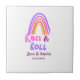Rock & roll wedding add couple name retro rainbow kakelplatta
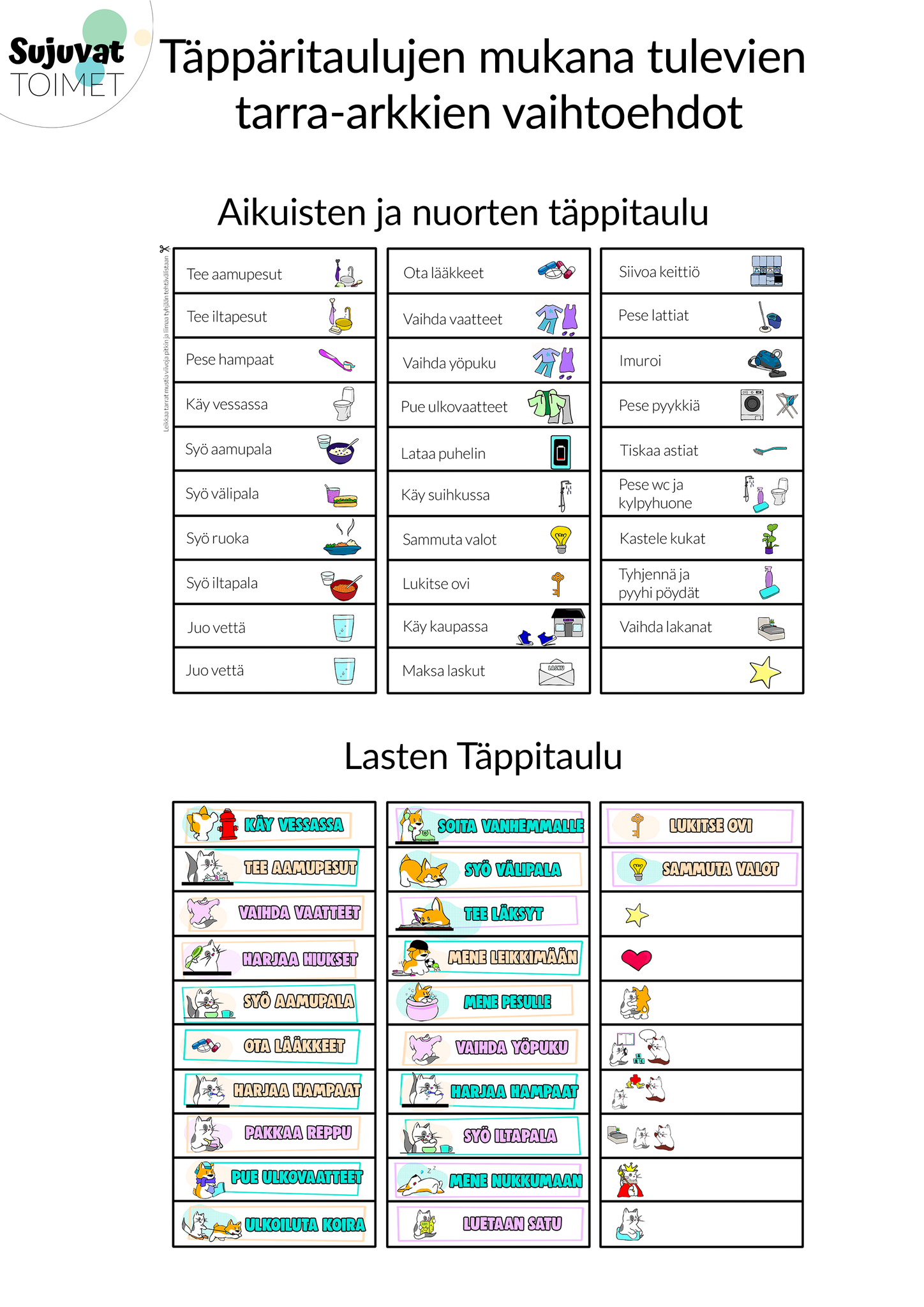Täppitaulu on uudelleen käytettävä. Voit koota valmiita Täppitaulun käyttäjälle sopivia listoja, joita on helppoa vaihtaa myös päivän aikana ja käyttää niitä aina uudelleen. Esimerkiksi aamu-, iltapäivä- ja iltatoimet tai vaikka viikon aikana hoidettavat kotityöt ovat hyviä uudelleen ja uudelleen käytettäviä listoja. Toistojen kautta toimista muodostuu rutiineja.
--
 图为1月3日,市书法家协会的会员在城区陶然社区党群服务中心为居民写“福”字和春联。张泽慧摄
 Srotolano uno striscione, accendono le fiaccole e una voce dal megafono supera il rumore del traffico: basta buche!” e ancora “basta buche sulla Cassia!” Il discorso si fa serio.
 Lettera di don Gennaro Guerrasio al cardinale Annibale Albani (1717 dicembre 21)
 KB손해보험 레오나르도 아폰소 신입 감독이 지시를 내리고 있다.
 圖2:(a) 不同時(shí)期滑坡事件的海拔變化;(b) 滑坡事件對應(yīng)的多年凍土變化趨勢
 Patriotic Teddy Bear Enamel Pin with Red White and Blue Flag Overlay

(Task prompt)
Start at the line above containing "Rock & roll" and stop at the line containing "Täppitaulu on uudelleen": print those lines and everything between them exactly, but not the pictures.

(Task output)
Rock & roll wedding add couple name retro rainbow kakelplatta
Täppitaulu on uudelleen käytettävä. Voit koota valmiita Täppitaulun käyttäjälle sopivia listoja, joita on helppoa vaihtaa myös päivän aikana ja käyttää niitä aina uudelleen. Esimerkiksi aamu-, iltapäivä- ja iltatoimet tai vaikka viikon aikana hoidettavat kotityöt ovat hyviä uudelleen ja uudelleen käytettäviä listoja. Toistojen kautta toimista muodostuu rutiineja.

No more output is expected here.